Design of snapshots in a transactional database along with versioning of reference data

Disclaimer: I have read everything that I can read on the topic of snapshots and versioning on both stack overflow and on internet. My requirement is not version tracking for audit trail or the database-level snapshots. I have spent more than 1 week to research on my own and to think through the possible options. Sorry, I could have missed some links - if the solution to my problem is already discussed in some other thread, please point me there.

It is a bit long; please bear with me.

Here is the situation: We are trying to create a generic design to store snapshots of the transactional data in our transactional database and also to keep a revision history of reference data.

As part of the business process, a user can press a button to publish certain object. For the purpose of illustration, let us say that the user can publish a proposal from the vendor before negotiation starts. Then, at different points in time through the negotiation process, the user can publish the proposal data. The proposal contains a budget, sales targets and many other items. When a proposal is snapshotted, all the linked entities have to be snapshotted. Finally, after the negotiation, a contract is signed. At this point, a complete snapshot of the contract has to be created. Not all the entities in the contract are there in the proposal – there are lot of overlapping entities, but there are unique entities attached to proposal and contract.

We have to keep both these published versions and the latest active versions available.

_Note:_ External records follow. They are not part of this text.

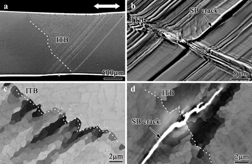晶界与孪晶界面对于金属材料的强韧化设计与抗疲劳损伤开裂能力的提高具有重要影响。通常在单向拉伸载荷下,晶界普遍可以作为强化元素提高材料的强度,而在循环载荷下,晶界却容易成为薄弱环节而优先萌生疲劳裂纹。沈阳材料科学国家(联合)实验室材料疲劳与断裂研究部张哲峰研究组前期开展了一系列含有大、小角晶界铜双晶体的低周疲劳实验。他们发现:无论加载方向与晶界的夹角如何,大角晶界总是优先开裂,而小角晶界则不疲劳开裂。这一系列工作发表在Progress in Materials Science, 53 (2008) 1025上。考虑到孪晶界面对金属材料强韧化具有重要影响,为此,该研究组张振军博士通过各种铜合金多晶体中孪晶界面低周疲劳实验研究发现:孪晶界疲劳开裂倾向介于大角晶界和小角晶界之间,并且受到层错能和晶粒取向影响。通过晶体学取向分析,他提出了决定孪晶界面疲劳开裂与否的层错能与取向差判据,即随层错能降低或孪晶界两侧施密特因子差增加,位错滑移跨过孪晶界的机会减小,致使得孪晶界更易于萌生疲劳裂纹。这项工作发表在Acta Materialia, 60 (2012) 3113和Applied Physics Letters, 101 (2012) 011907上。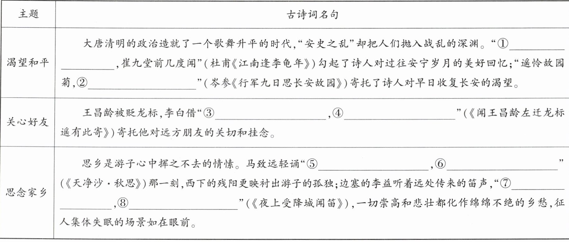 2.①岐王宅里寻常见 ②应傍战场开 ③我寄愁心与明月 ④随君直到夜郎西 ⑤夕阳西下 ⑥断肠人在天涯 ⑦不知何处吹芦管 ⑧一夜征人尽望乡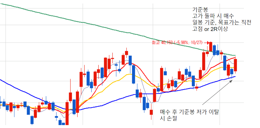2. 기준봉의 고가 돌파시 매수 매수 후 기준봉 저가 이탈 시 손절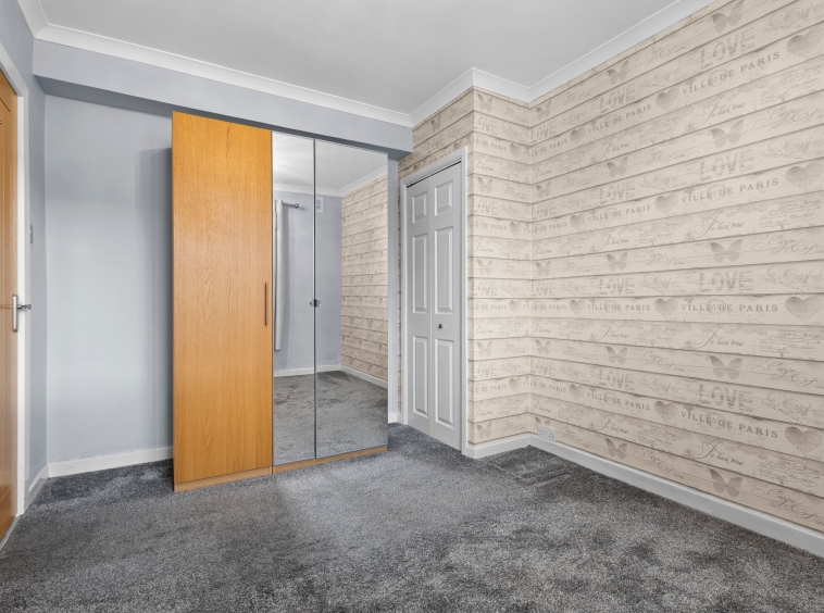 2.95m x 2.55m (9′ 8″ x 8′ 4″) Bedroom three is a double room with modern decor, ceiling coving, fitted carpet and a double glazed window to the front.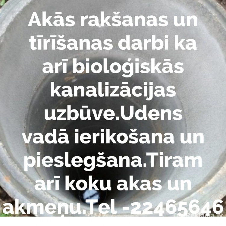 Akas rakšanas un tīrīšanas darbi ka arī bioloģiskās kanalizācijas uzbūve. Tel -22465646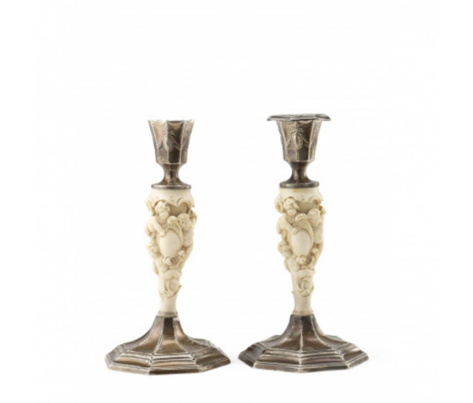 This pair of candlesticks, crafted in 1923 in Sheffield by the renowned workshop Joseph Rodgers & Sons, represents a sublime example of the refined synthesis between precious metallurgy and the art of carving. The objects feature a slender and elegant structure, where the cool brilliance of the silver harmoniously blends with the warmth of the ivory.

Published versions are made available on a website to be referenced by both vendors as well the management team. Not all published versions are made available on the website, but the last published proposal and latest published contract are always available in the website. This website also has to be populated from the same database.

Also, a finance user can decide to snapshot only the budget alone and a sales manager can snapshot the sales targets. So, snapshots are available at multiple granularities.

We also have a requirement to track versions of the master data. It is a business requirement to track all the changes to key master data columns over time. For example, we have region information associated with the sales targets. The name of the region can change and we want to track these changes. Let us assume that at the time of proposal, the region’s name is R1 and a snapshot is created. Then, the name of the region changes to R2 and then 2 other snapshots are created. We want to able to link the sales targets to the correct region name at those points in time, not necessarily to the latest region name.

We have some flexibility in modelling as we have both a transaction DB and a data warehouse DB and we can decide to store some of this information either in the transaction DB or in the data warehouse DB.

Here is our design. We have a Publication table which captures basic information about the published data – who published and the date, the reason, and the type of object published (proposal or budget or sales targets).

We store the snapshots in the same table as the original data. So, proposal snapshots would be stored with live proposals in the proposals table. We have a column called Publication ID in every table which has to be published. This column is a FK to the Publication table. If the Publication ID is null, that record is the active version.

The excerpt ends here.